Tuesday, September 6, 2016

Tender Memories and a Twofer Open House

Two Years Ago: Mid-August 2014

Still reeling from the August 12th news of the failure of David’s stem cell transplant, on which all our hopes had been pinned, we travel to a rental house on the Long Island Sound in Clinton, Connecticut for our annual “Summer Retreat” week with our children. Although David is neutropenic, with practically no immune system, it is safe for him to ride in the car and stay inside at the rental house.

In midweek Jim, David, and I drive back to MGH in Boston for a medical appointment. Sam tags along to visit with his longtime friend, Kyle. He comes in with us briefly to use the MGH internet network: the internet at our rental house is unreliable. Dr. Chen, the transplant doctor, sticks his head in. He’s surprised to see Sam, who lives in Utah, and says that there is a possible treatment, “donor lymphocyte infusion”. Similar to the original stem cell transplant, part of Sam’s blood will be harvested, but to collect white blood cells (lymphocytes) this time, not stem cells. Three units are harvested and frozen. After the proposed cytarabine chemo, when David’s own white cell count (including the leukemic ones) is at its lowest point, Sam’s lymphocytes will be infused into David, with the hope that they will identify the leukemic cells as foreign and kill them.

2016
My laptop’s screensaver is a slide show: when the computer is idle for one minute, the display shows all my photos, in random order. I enjoy watching them pass before my eyes.
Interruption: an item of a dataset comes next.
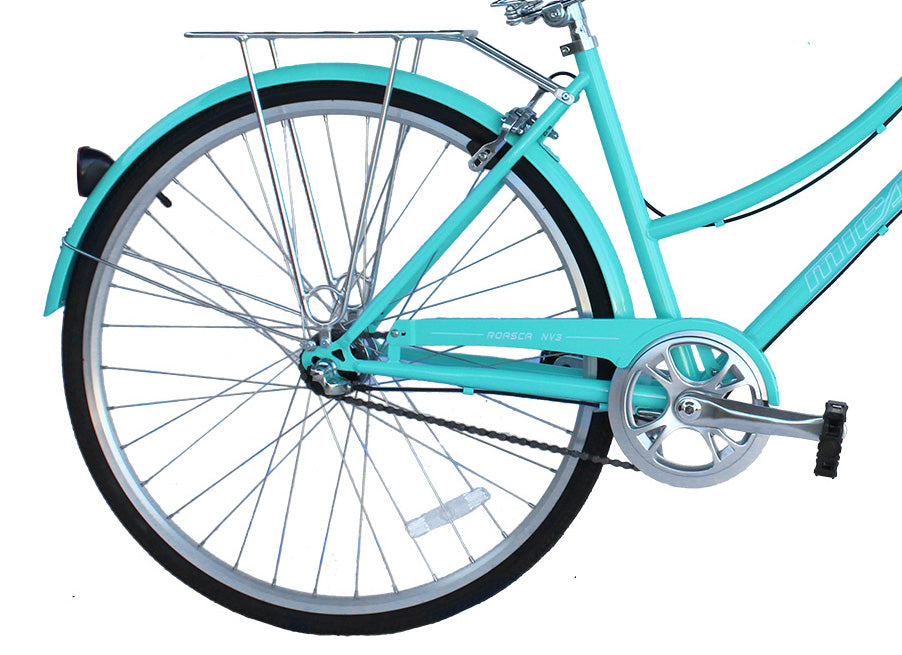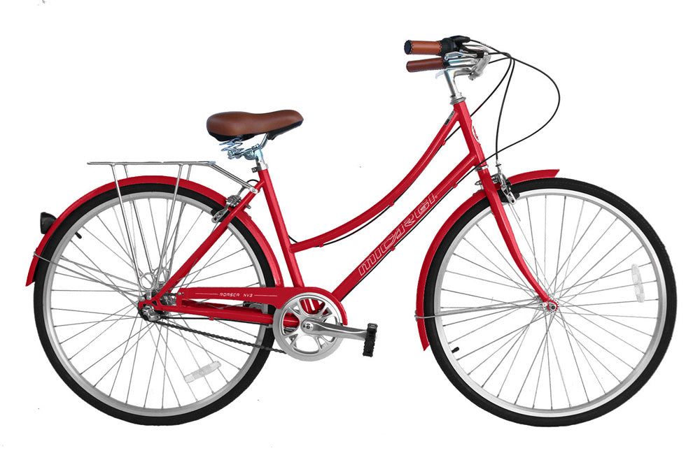 The Micargi Roasca is a 3 speed Women's City Bike. It features a hi-ten steel frame and fork and alloy caliper brakes that make stopping easy. The brown springer saddle and grip really compliment this city bike making it an eye-catcher anywhere you go.

In fact, it’s tempting to stop working right now, long enough to start up the show.

One of my favorite photos is of David sitting on the floor at our Connecticut rental house. Andrew is in front of him and David is playing the doting uncle, though a little skeptical of Andrew’s sincerity. David is so present, so in the moment with his one-year-old nephew.
And David looks good. His beard is full, his frame no longer skeletal, his wry smile, well, wry. He’s gained 30 pounds from his low, though he’s still light at 6’1” and 170 lbs. Jim’s in the background, working on his laptop.





I’ve avoided working on this blog post for the past three weeks. August 2014 was an incredibly painful time after five months of intense stress. Dr. Fathi put David’s situation in dire terms. “If you were an older man, we’d be done now,” he says after David’s stem cell transplant failed. “But since you’re young, we can try some things”: toxic, maximum-strength, conventional chemotherapy and possibly clinical trials, if his heart damage doesn’t disqualify him.
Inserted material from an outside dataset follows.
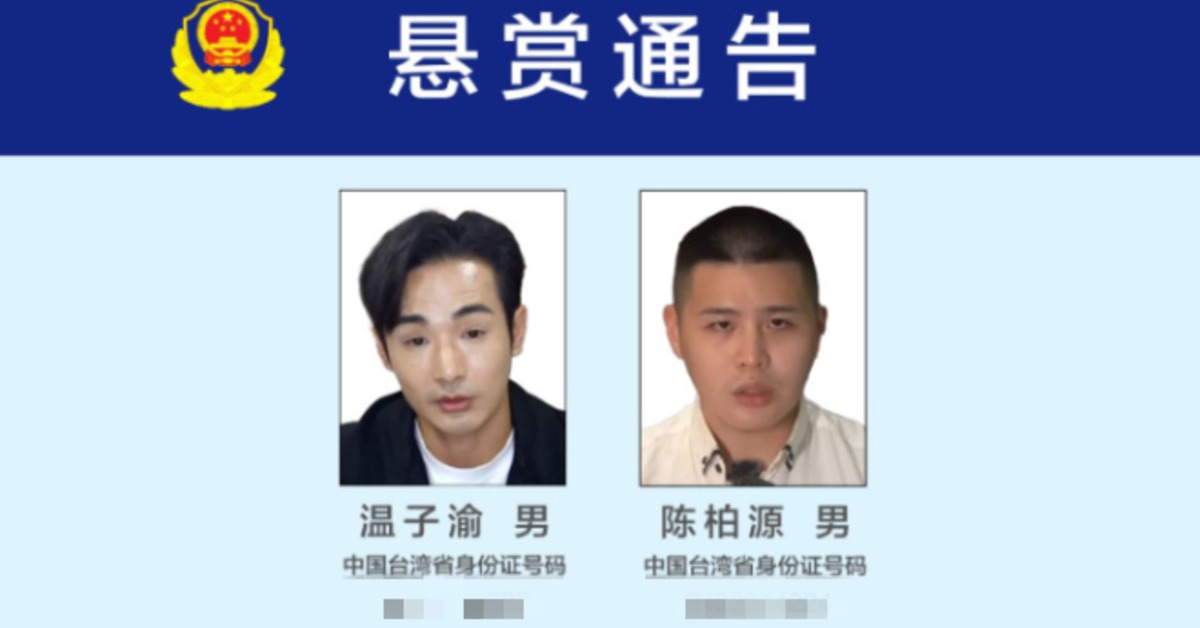 繼民進黨立委沈伯洋遭中國通緝之後,福建省泉州公安局發布懸賞通告,徵集台灣網紅溫子渝(網名「八炯」)、陳柏源(網名「閩南狼」)違法犯罪線索,主要的罪名是煽動分裂國家言論、迫害在台大陸配偶等。

And now, two years later, the painful realization that August 12, which was burned into my memory then, as an important date in the ongoing narrative, will now also be the yearly observance of the end of his mortal story.

I had anticipated with a mixture of joy and dread our 'Summer Retreat' this year. It would fall so soon after his first death anniversary, and awaken bittersweet memories of his last reunion. Then he had a minimal immune system and was quarantined. But he was alive and there was hope.

At the end of our Summer Retreat 2016 we hold a double open house. Sam and Savannah (Savam) were married last year, June 2, in the Bountiful Temple in Utah, when David was sick, unable to travel, and not expected to survive. I worried that David would die on their wedding day. Of course we didn’t plan an open house at our house that August. Instead of an open house, we held visiting hours at our home on August 16, just before David’s funeral at our church. There was no viewing; his body was at the U-Mass Medical School about to become a subject in a research project.

Annie and Shawn (Annli Shawston) were married June 10 of this year. With our leukemic son no longer alive,  we plan a summer party for both couples, a twofer.




It's a wonderful evening. For the first time, the ultra-thrifty (cheap, penny-pinching?) Johnstons hire a caterer. Xiomara arranges summery bouquets; R’el takes pictures. The weather invites us to spill out onto the deck to enjoy the perfect New England evening. The caterers turn the ‘fruit and cheese platter’ into a multi-level fruit and cheese creation, complete with cascading Concord grapes. A bright spot in a month of tender memories, a chance to share the joy of our newly married children with old friends.